> [Data supplied]
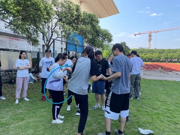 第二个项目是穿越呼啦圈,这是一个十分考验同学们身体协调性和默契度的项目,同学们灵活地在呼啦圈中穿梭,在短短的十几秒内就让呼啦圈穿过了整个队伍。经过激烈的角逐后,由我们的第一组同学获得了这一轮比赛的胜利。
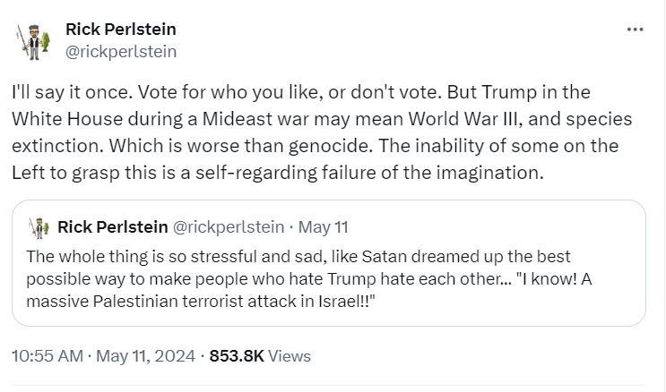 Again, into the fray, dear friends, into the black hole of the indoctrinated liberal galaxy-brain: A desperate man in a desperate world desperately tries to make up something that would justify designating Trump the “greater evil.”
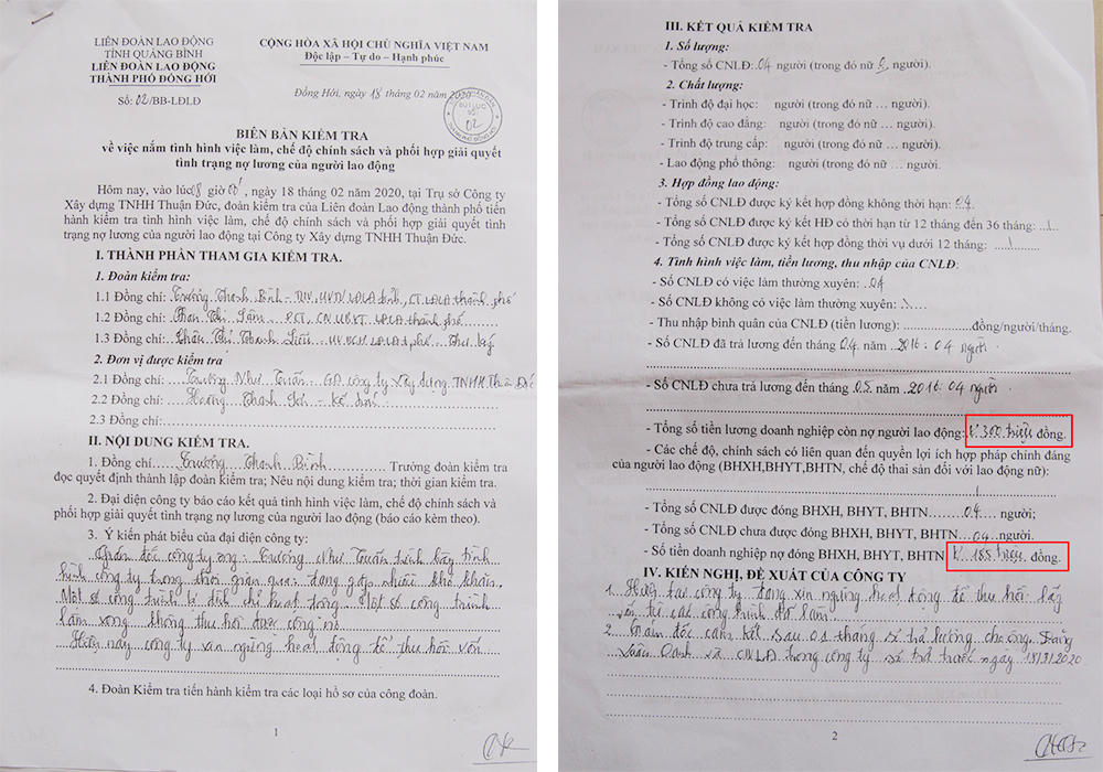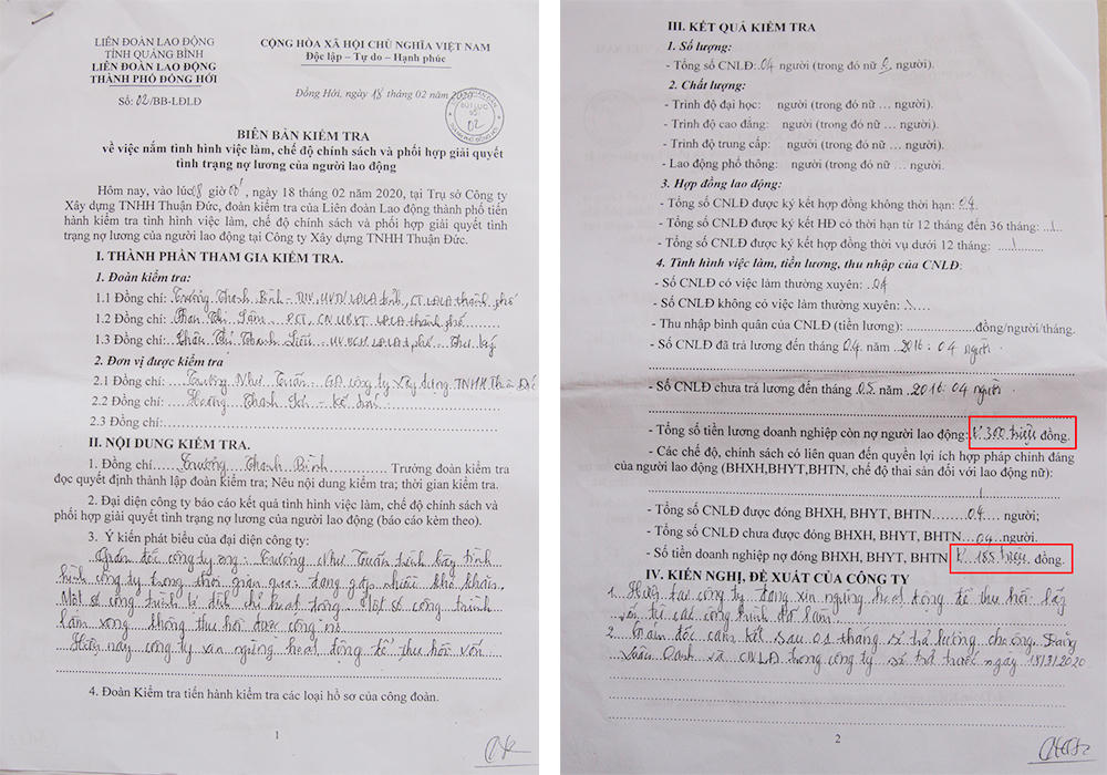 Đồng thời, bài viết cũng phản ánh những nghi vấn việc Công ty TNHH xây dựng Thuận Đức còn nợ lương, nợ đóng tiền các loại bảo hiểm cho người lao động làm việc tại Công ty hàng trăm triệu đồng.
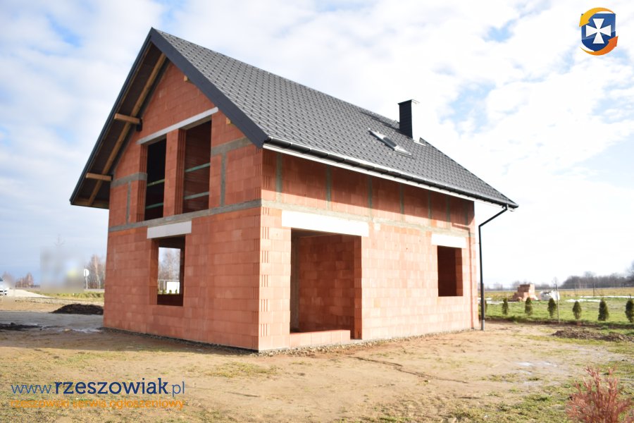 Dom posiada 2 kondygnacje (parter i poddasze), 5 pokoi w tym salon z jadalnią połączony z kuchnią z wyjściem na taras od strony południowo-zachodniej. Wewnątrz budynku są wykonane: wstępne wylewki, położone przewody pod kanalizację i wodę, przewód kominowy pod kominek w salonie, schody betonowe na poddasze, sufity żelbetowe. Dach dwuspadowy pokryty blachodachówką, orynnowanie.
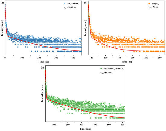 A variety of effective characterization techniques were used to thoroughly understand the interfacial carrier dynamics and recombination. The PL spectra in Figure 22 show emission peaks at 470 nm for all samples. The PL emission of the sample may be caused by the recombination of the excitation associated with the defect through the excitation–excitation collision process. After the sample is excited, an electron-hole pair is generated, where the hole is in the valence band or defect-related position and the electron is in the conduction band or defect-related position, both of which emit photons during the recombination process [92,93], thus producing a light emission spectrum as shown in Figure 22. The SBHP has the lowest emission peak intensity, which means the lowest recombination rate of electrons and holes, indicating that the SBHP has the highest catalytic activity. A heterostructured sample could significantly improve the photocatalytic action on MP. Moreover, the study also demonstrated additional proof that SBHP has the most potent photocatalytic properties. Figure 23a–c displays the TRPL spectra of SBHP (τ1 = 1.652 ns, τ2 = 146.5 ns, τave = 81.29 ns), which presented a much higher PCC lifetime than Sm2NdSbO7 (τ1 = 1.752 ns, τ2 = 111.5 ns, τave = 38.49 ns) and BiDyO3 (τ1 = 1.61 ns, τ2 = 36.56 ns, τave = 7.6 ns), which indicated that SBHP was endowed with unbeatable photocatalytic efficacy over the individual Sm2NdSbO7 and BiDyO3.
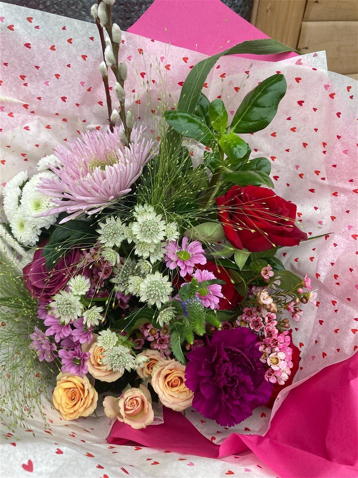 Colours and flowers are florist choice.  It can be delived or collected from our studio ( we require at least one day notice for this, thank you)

* * *

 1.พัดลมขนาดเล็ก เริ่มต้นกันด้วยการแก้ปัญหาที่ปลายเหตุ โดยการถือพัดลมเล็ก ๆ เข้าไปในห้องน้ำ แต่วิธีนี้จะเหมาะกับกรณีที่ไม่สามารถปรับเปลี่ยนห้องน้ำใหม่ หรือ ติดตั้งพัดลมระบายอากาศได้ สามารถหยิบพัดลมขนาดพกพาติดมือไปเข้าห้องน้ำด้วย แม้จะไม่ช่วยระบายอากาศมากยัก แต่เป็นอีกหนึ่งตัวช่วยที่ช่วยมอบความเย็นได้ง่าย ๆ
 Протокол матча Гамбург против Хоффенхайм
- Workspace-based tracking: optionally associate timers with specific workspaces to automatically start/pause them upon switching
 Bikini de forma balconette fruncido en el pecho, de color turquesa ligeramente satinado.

> [Exercise description] In the listing above, locate the line containing "Протокол матча Гамбург против Хоффенхайм" and the line containing "Bikini de forma". Extract those two lines and every line between them, exactly as written, and only those.

> [Reply]
 Протокол матча Гамбург против Хоффенхайм
- Workspace-based tracking: optionally associate timers with specific workspaces to automatically start/pause them upon switching
 Bikini de forma balconette fruncido en el pecho, de color turquesa ligeramente satinado.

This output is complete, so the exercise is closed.